Texas Franchise Tax: 2020 Rates, Thresholds, & Deduction Limits
The Texas Comptroller’s Office recently released the 2020 Texas Franchise Tax Report Information and Instructions (Form 05-908). It contains relevant information to assist taxpayers with the proper and timely filing of Texas Franchise Reports for the 2020 report year. The upcoming 2020 report year will be using the same franchise tax rates, along with updates to the No Tax Due Threshold and Compensation Deduction Limit:
2020 Rates, Thresholds, & Deduction Limits | |
Item | Amount |
No Tax Due Threshold | $1,180,000 |
Tax Rate (retail or wholesale) | 0.375% |
Tax Rate (other than retail or wholesale) | 0.75% |
Compensation Deduction Limit | $390,000 |
EZ Computation Total Revenue Threshold | $20 million |
EZ Computation Rate | 0.331% |
No Tax Due Threshold – Entities that report total revenue of less than $1,180,000 are allowed to automatically file a No Tax Due Report (Form 05-163).
Tax Rate (retail or wholesale) – Qualifying retailers and wholesalers are entities primarily engaged in retail and/or wholesale trade. To qualify, an entity must have at least 50% of total revenue derived from those activities, less than 50% of total revenue from the sale of products it produces or from an affiliated entity, and the taxpayer does not provide retail or wholesale utilities (including telecommunications services, electricity, or gas).

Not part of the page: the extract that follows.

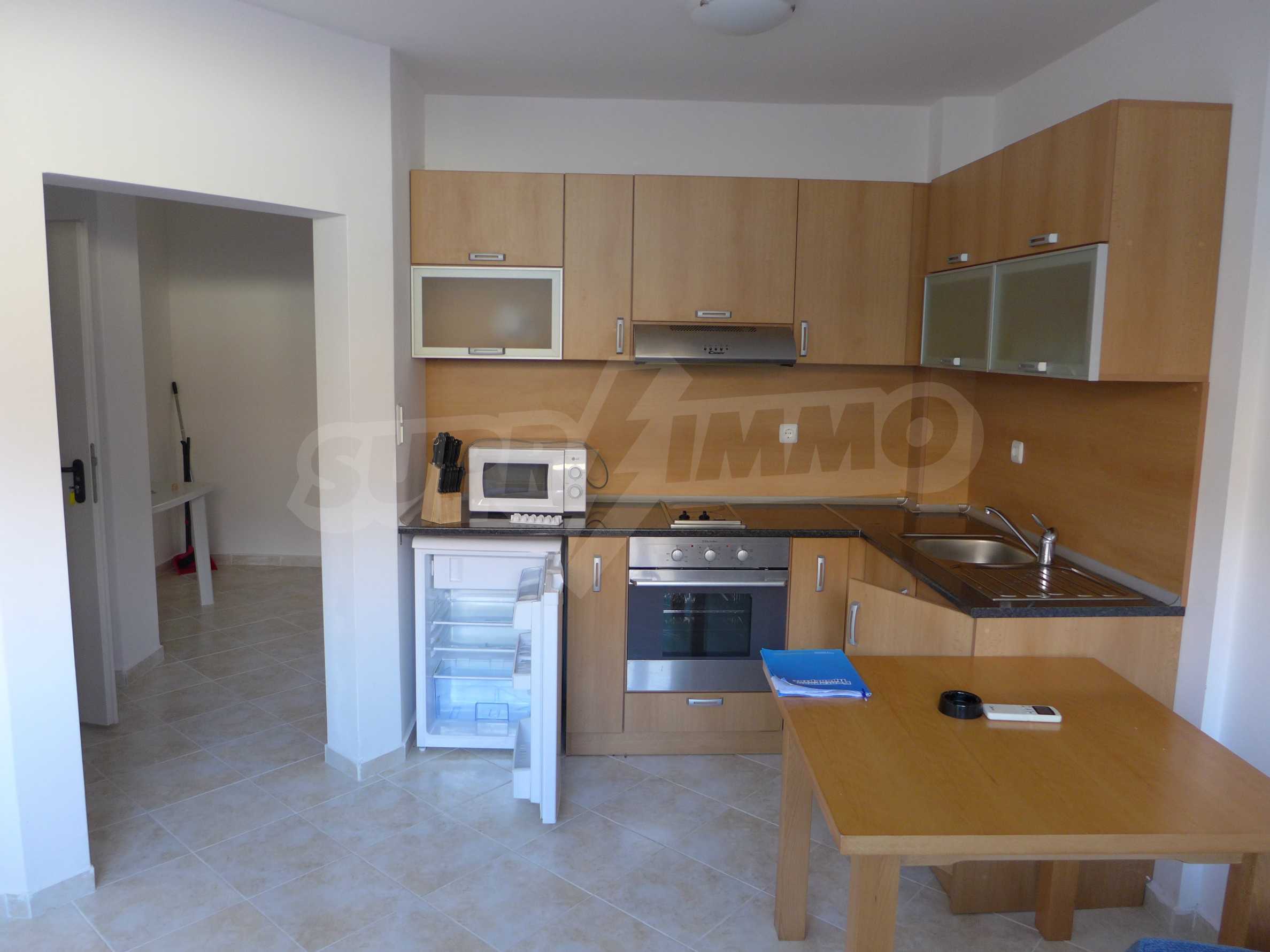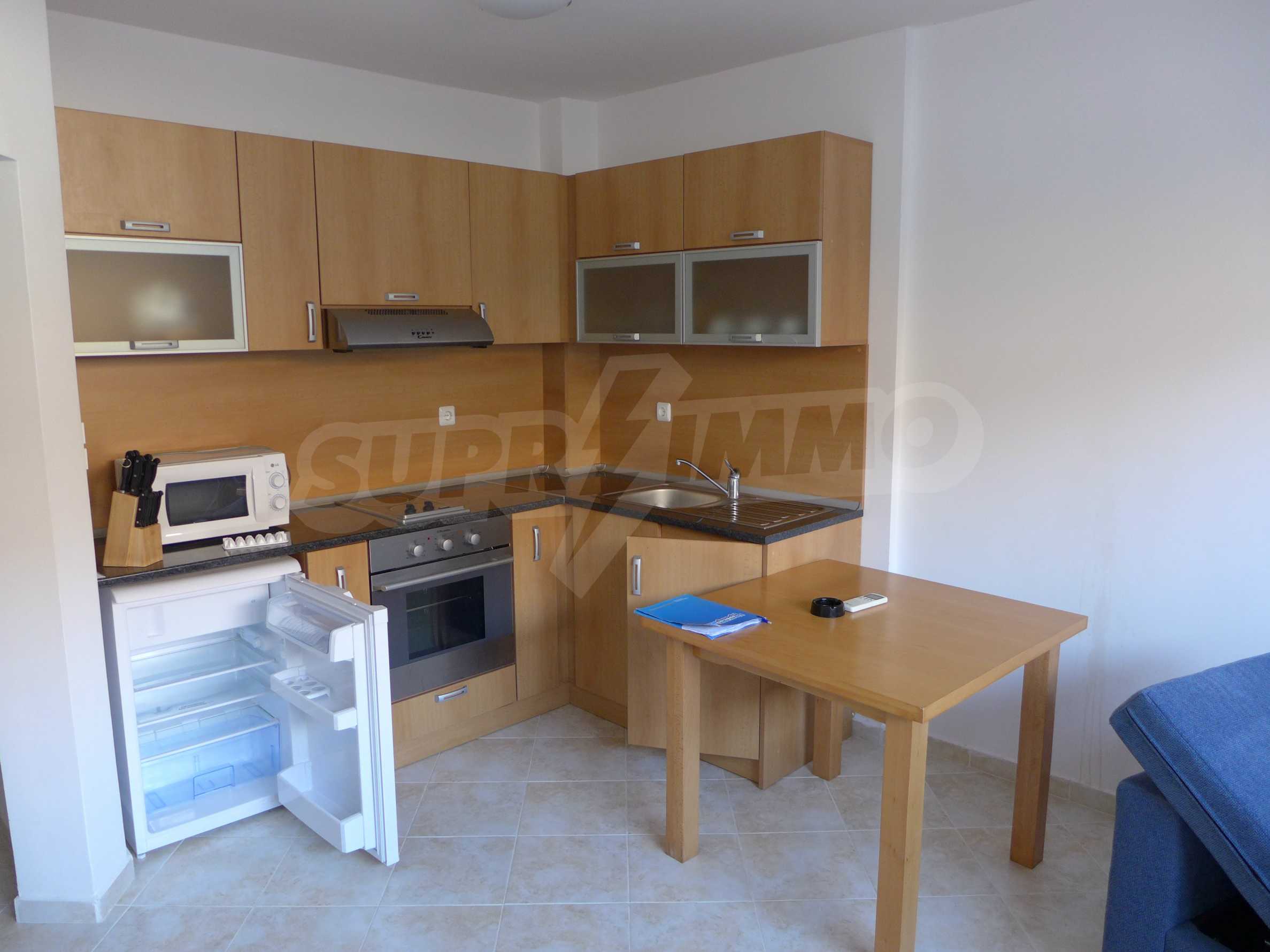 An excellent one-bedroom apartment in Sunset Kosharitsa 1, located at the foot of the mountain and only 6 km from the popular seaside resort Sunny Beach with beautiful beaches, places for recreation and entertainment and busy nightlife. The modern new complex enjoys the beautiful combination of mountain and sea climate and unique conditions for pleasant holidays, long walks, mountain biking, family picnics, fishing, sunbathing and numerous water sports.

Tax Rate (other than retail or wholesale) – For most entities, this is the tax rate on its taxable margin.
Compensation Deduction Limit – This is the annual limit per officer, director, owner, partner and employee to calculate the margin via the compensation deduction method.
EZ Computation Total Revenue Threshold – Taxpayers with revenue less than the EZ Computation revenue threshold may choose to file Form 05-169 for a potentially more favorable tax outcome. This is a popular choice among taxpayers who are not in manufacturing or service industries.
EZ Computation Rate – The rate is applied against the taxable revenue. No other deduction method is allowed and any credits available for that report year are foregone. As you can see, there are a variety of methods that can be used to calculate an entity’s franchise tax for a particular year. In some cases, the proper reporting method and forms used will vary in order to lessen the potential tax burden.